То, что в ранних работах Бунина казалось критикам избыточностью текста, ненужными деталями – оказалось самым главным. Деталь стала рассказом, а сам «текст» исчез как излишний. Некоторые маленькие рассказы Бунина – это миниатюры, написанные ради одной единственной фразы (обычно финальной) или даже ради одного единственного слова. Например: «Стропила», «Капитал», «Слезы», «Людоедка», «Петухи» и др.

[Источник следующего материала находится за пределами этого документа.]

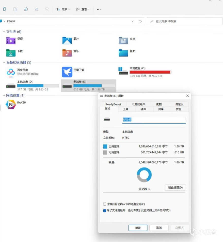 ▼标称容量2TB,实际可用容量在1.86TB左右,还不错。
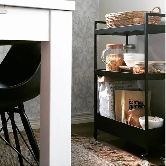 Metal 3-Tier Serving Trolley For Kitchen Home Office Bathroom Mobile Storage Rack Shelves - Black

Осязаемая выразительность образа, которого, кажется, можно коснуться руками, как шкурки убитого зайца в миниатюре «Русак», одновременно сопровождается бездонной глубиной и неисчерпаемым интерпретативным богатством, расширяемым феноменологическим подходом, потому что через прикосновение к этой заячьей шкурке автор-повествователь (а вместе с ним и мы) чувствует «и самого себя, и холодное окно прихожей, занесенное, залепленное свежим, белым снегом, и весь этот вьюжный свет, разлитый в доме» (М. V. 178), и весь мир. Момент жизни кажется воспроизведенным во всей его сырой полноте и неисчерпаемости, потому что он перенесен на страницу текста без обедняющей селективности и без рациональной организации в «сюжет».

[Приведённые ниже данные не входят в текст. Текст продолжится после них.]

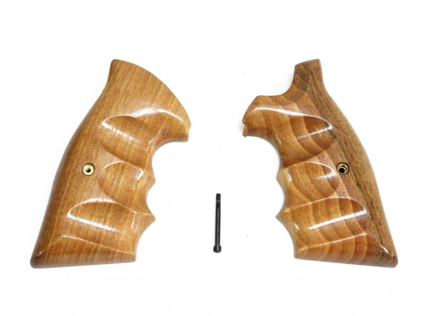 [NB] S&W Kフレーム用 スクエアバット オーバーサイズ 木製グリップ フィンガーチャンネル (中古) 製品詳細画像1 片側のスクリュー金具は外れます

Произведения Бунина непрозрачны, как сама жизнь, они представляют очень большую трудность для интерпретации и часто ставят критиков в тупик587
. Бунинский образ в своей предельной конкретности ничего не значит, кроме непосредственно самого изображенного объекта, и в то же время значит слишком многое, до конца нерасшифровываемое («то, чего не расскажешь») – это-то и есть «реалистический символизм» и неинтерпретируемый символ.Эта реконструкция сырой материи жизни в искусстве – есть результат предельного словесного мастерства и необыкновенно открытого, охватывающего сразу все качества предмета взгляда. Бунин дает нам свое восприятие объекта, но мы видим его как нами самими открытый. Это и есть эффект великого искусства – «уничтожение» искусства. Лиризм, переплавленный в образ, выступает как объективное повествование. Поэзия и проза, объективность и субъективность неразделимы в чудесном сплаве. (Не потому ли бунинские миниатюры обходит молчанием большинство критиков – как западных, так и советских – и советские литературоведческие схемы и западный структурализм тут бессильны.)

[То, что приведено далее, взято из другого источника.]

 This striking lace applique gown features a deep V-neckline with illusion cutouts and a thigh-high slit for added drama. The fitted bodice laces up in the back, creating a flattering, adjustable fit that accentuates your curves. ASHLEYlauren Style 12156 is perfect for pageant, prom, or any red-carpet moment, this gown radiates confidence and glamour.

Само слово обретает теперь у Бунина новое качество, оно как бы перестает быть понятием и становится индивидуальным качеством, неожиданно проявляющимся именно в данном контексте и данном словосочетании. Бунинское слово-образ, в отличие от слова-понятия, имеет свой конкретный цвет, запах и вкус (имажинисты даже не могли себе вообразить такого эффекта). Проза Бунина перестает здесь быть только актом языка и, перехлестывая границы слова, начинает существовать также и на уровне сенсорном и аффективном. Система языка прорывается в систему мира. Неразрешимая дилемма, над которой бьются сегодняшние структуралисты, находит здесь свое неожиданное разрешение.
Новое обостренное чувство слова у Бунина сопровождается сознанием некой скрытой мистики слова (подобное чувство испытывал в конце Джойс, уверенный, что слова в себе что-то скрывают). Такое сознание есть нечто прямо противоположное представлениям сегодняшнего структурализма об условности и произвольности знака. Для Бунина слово несет в себе даже гораздо большую онтологическую реальность, нежели некоторые явления мира вещественного. «Как дивны и страшны некоторые человеческие слова. Какие неизъяснимые видения дают они человеческой душе, пораженной ими», – пишет Бунин в одной из своих миниатюр588
.О волшебном действии слова на чуткую детскую душу говорит миниатюра «Сон Пресвятыя Богородицы». В первом варианте рассказа это особенно ясно: «Какой ангел занес в эту избу эту небесную детскую душу и поразил ее волшебными словами?»589
. Трансцендентная душа «узнает» (прапамять) трансцендентное слово (еще раз напомним стихотворение Лермонтова «Ангел»).Теперь у Бунина «писать» и «жить» целиком совпадают. В оторванности от окружающей, чуждой ему, иностранной среды он живет только своим творчеством. Творчество становится содержанием его жизни, а его повествующее «я» сливается с «я» живущим. Мучительная проблема сегодняшних писателей: обретение убедительного повествовательного «я» (Лакан: «Нужно найти субъект как потерянный предмет»), – решается Буниным в направлении, противоположном структуралистскому: не осознание непреодолимой пропасти между системой языка и системой мира и сознательная игра на этом различии, а полное уничтожение самого различия. Его «я» – это не «повествовательная инстанция», организующая систему знаков, и не грамматическая форма, указывающая на субъект, но не означающая его, а «я» внелитературное, самое подлинное и несомненное, живую пульсацию которого четко ощущает читатель.